Imagine, we have a blog table having a million rows each containing documents that are not just meta-data but rather an abstract for an article, or full-text articles themselves, and you want to find out if certain words are present or not in them.
An effective way to approach this problem is by getting a semantic vector [vectorization] for all of the words contained in a document. So, when you search for a word like "jump", you will match all instances of the word and its tenses, even if you searched for "jumped" or "jumping". Additionally, you won't be searching the full document itself, but the vector [querying].
Postgres offers several native functions to implement this full-fledged text search, here are few to get started -
  • to_tsvector [vectorization]- creates a list of tokens of tsvector (text search vector) data type. Every token is a lexeme (unit of lexical meaning) with pointers (the positions in the document), and here words that carry little meaning, such as articles (the) and conjunctions (and, or) are conveniently omitted.
  • to_tsquery [querying] - querying the vector occurrences of a particular word/prhase
-- VECTORIZATION
SELECT to_tsvector('The quick brown fox jumped over the lazy dog.');
-- 'brown':3 'dog':9 'fox':4 'jump':5 'lazi':8 'quick':2

-- QUERYING
SELECT to_tsvector('The quick brown fox jumped over the lazy dog') @@ to_tsquery('fox');
-- Try FTS without Index
SELECT * FROM table WHERE to_tsvector('english', body) @@ to_tsquery('english', 'hello');

-- Lets try building an Index
CREATE INDEX v_search_idx ON table USING GIN (to_tsvector('english', body));


-- left anchored
SELECT * FROM users WHERE ts_username @@ to_tsquery('simple', 'alice:*');
-- search
select * from users where ts_username @@ to_tsquery('simple','alice');
PostgresSQL full text search works best when the text vectors are stored in physical columns with an index.
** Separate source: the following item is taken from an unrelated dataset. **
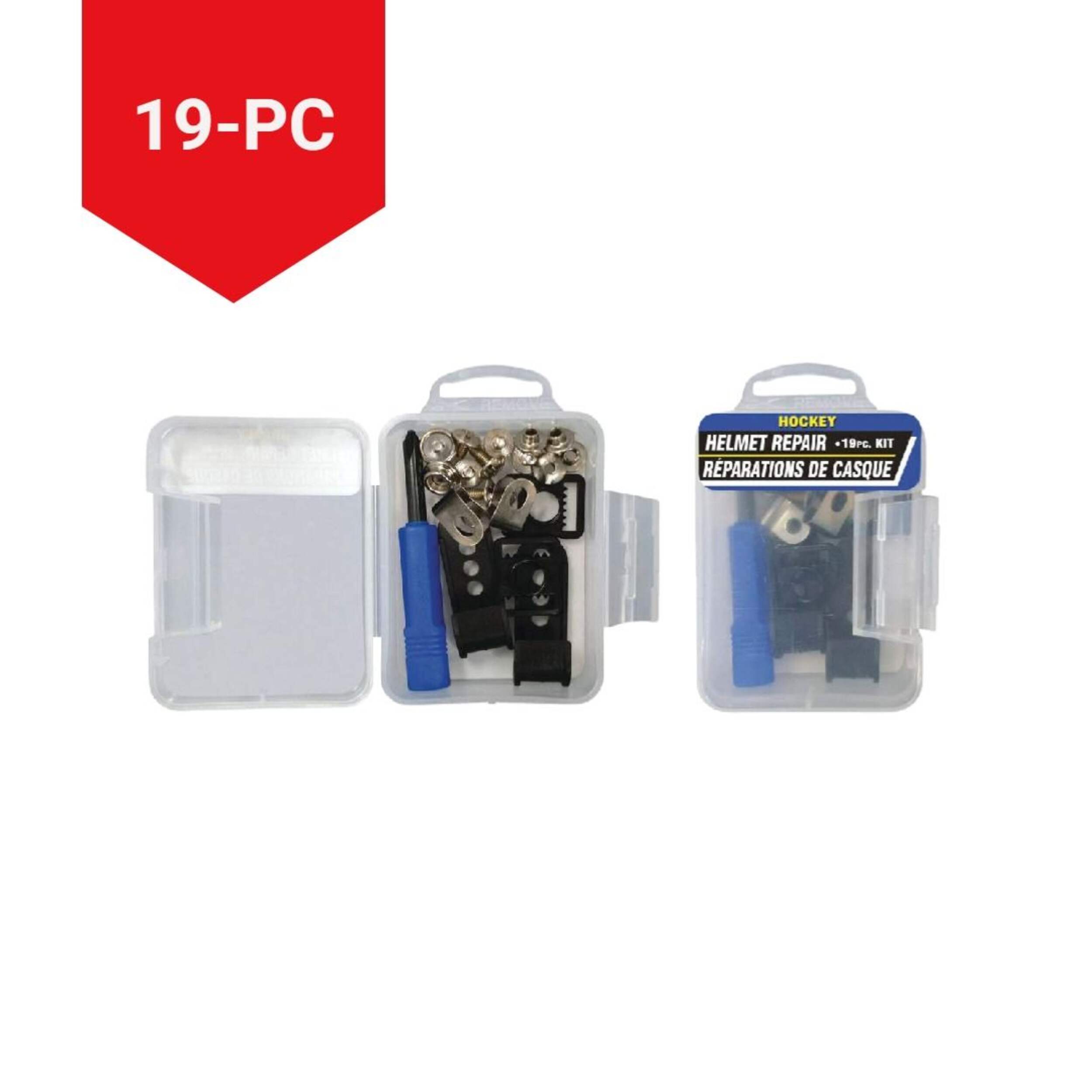 The Hockey Helmet Repair Kit provides a quick solution to fix minor damages. This 19-piece set helps make repairs to helmets when you're on the go The kit includes a hard plastic tool box for easy storage and transportation, a screwdriver, and assorted helmet screws and buckle parts. The tools are designed for convenience and ease of use.

This means you’d have to set up a stored procedure or database trigger to keep these text vector columns updated with newest value from the raw data.
Note: To implement multi-column text search using above options a new column maintaining these tokenized values including amalgam of these multi-column indexes will be required, with stored procedure or database trigger to keep them in sync.

External Search Engine -

Elasticsearch - A dedicated search system, maintaining a document with GIN index like manner while preserving the original document. ElasticSearch showcases searches & log analytics in near-real-time and a scalable manner. Elasticsearch (& other dedicated search systems) are far better-known for text search but here are few benefits of Postgres over a dedicated search system:
  • avoid operating additional infrastructure (e.g., spinning up an Elasticsearch cluster)
  • avoid syncing data between systems (e.g., every CRUD operation needs to be relayed from Postgres to Elasticsearch)
If search is your core offering, or you can’t afford to fit your searchable text in Postgres shared memory buffer, use Elasticsearch. Otherwise, Postgres is probably good enough. At the very least, you’ll end up with a competent baseline for further improvement.